Task prompt
Wherever a picture sits, omit it. Output the rest of the listing exactly.

Raw data

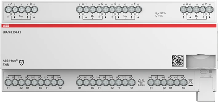 KNX jaloezie-/rolluikaktor, 8-voudig, met 8 binaire ingangenmet bewegingstijdbepaling en handbediening, 230 V AC, 6 A, DIN-rail, KNX Data Secure. |
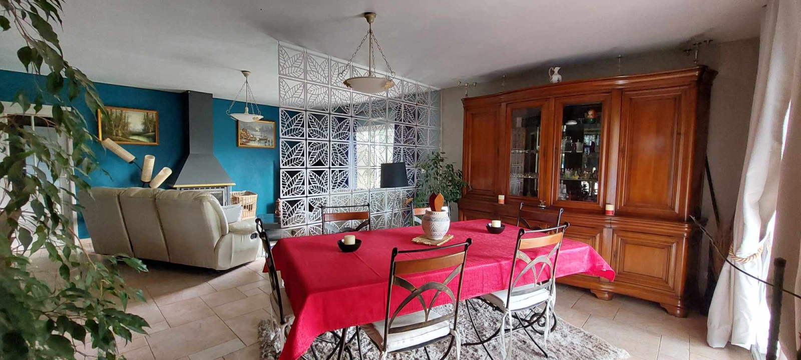 Une vaste pièce de vie baignée de lumière, réunissant salon et salle à manger autour d’un poêle à bois, avec un accès direct à une belle terrasse couverte, idéale pour profiter des extérieurs en toute saison.
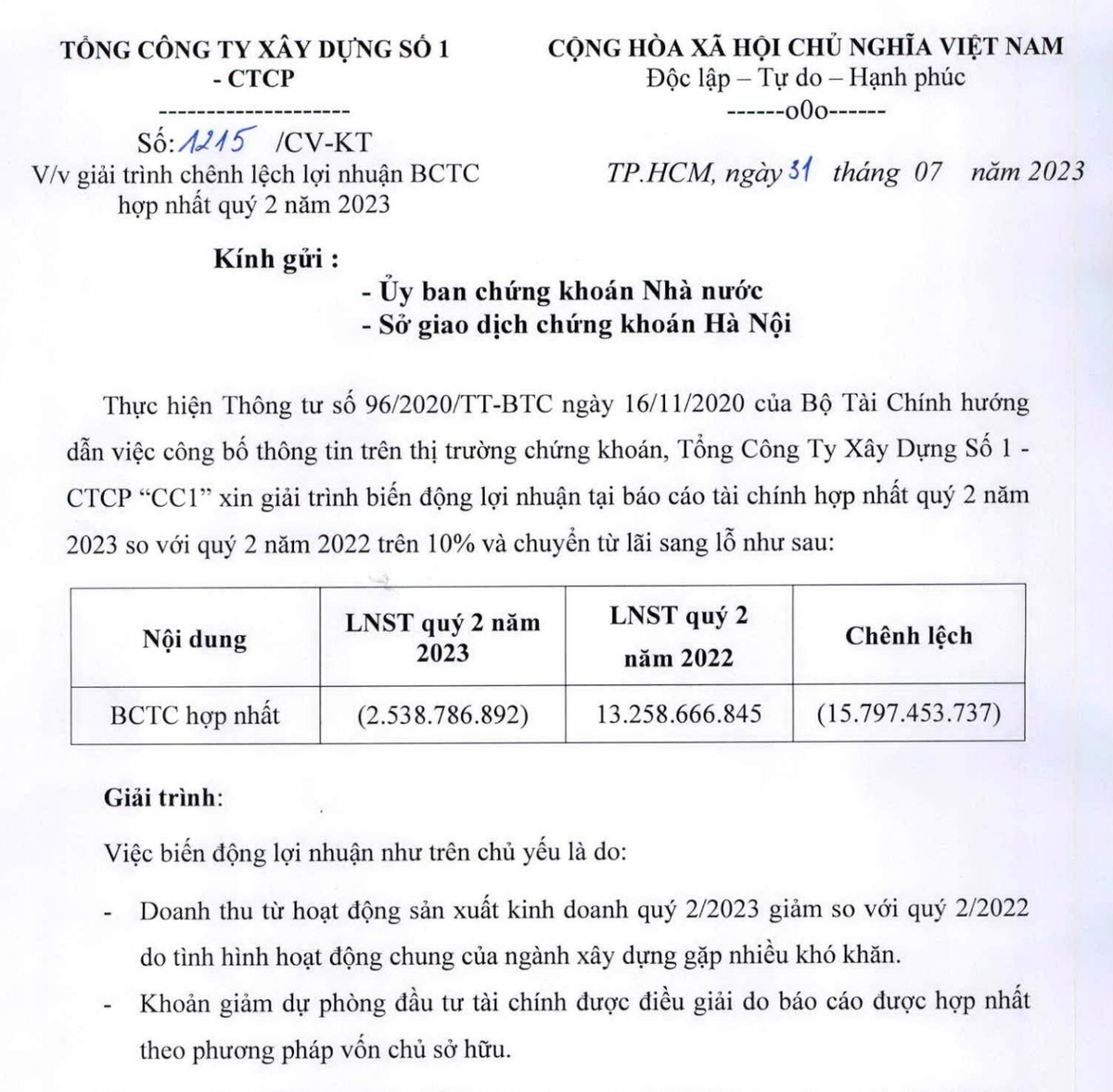 Giải trình biến động kết quả kinh doanh trong kì, bộ phận kế toán CC1 thông tin, hoạt động sản xuất kinh doanh quý II/2023 giảm so với quý II/2022 do tình hình hoạt động chung của ngành xây dựng gặp nhiều khó khăn.
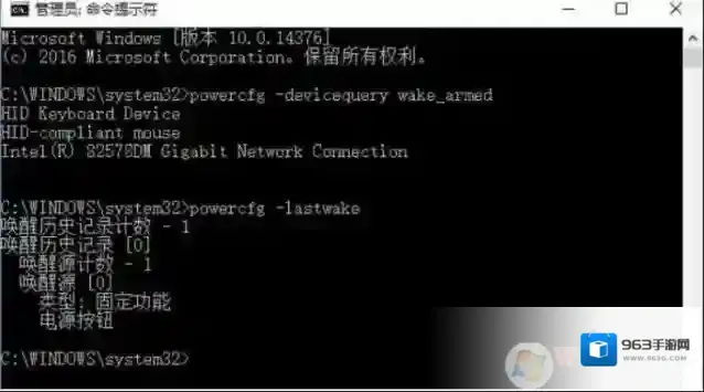 注:如果设备管理器中找不到设备,那么输入这个命令 双引号中填写设备名称,比如powercfg -devicedisablewake “HID-compliant mouse”这个命令只能用于设备管理器里面找不到的设备,如果是能找到的设备,用这个命令是无法关闭的。5、禁止之后,我们再使用powercfg -devicequery wake_armed 命令输出结果是否为无,是的话就代表全部关掉了。6、关掉之后再试试睡眠时会不会被唤醒,如果还有耗电严重的问题出现,那么可以用powercfg -lastwake这个命令看看上次睡眠一共被唤醒了几次,是哪些设备或者进程唤醒了计算机。就可以针对性的处理了。

Reply to the task
 KNX jaloezie-/rolluikaktor, 8-voudig, met 8 binaire ingangenmet bewegingstijdbepaling en handbediening, 230 V AC, 6 A, DIN-rail, KNX Data Secure. |
 Une vaste pièce de vie baignée de lumière, réunissant salon et salle à manger autour d’un poêle à bois, avec un accès direct à une belle terrasse couverte, idéale pour profiter des extérieurs en toute saison.
 Giải trình biến động kết quả kinh doanh trong kì, bộ phận kế toán CC1 thông tin, hoạt động sản xuất kinh doanh quý II/2023 giảm so với quý II/2022 do tình hình hoạt động chung của ngành xây dựng gặp nhiều khó khăn.
 注:如果设备管理器中找不到设备,那么输入这个命令 双引号中填写设备名称,比如powercfg -devicedisablewake “HID-compliant mouse”这个命令只能用于设备管理器里面找不到的设备,如果是能找到的设备,用这个命令是无法关闭的。5、禁止之后,我们再使用powercfg -devicequery wake_armed 命令输出结果是否为无,是的话就代表全部关掉了。6、关掉之后再试试睡眠时会不会被唤醒,如果还有耗电严重的问题出现,那么可以用powercfg -lastwake这个命令看看上次睡眠一共被唤醒了几次,是哪些设备或者进程唤醒了计算机。就可以针对性的处理了。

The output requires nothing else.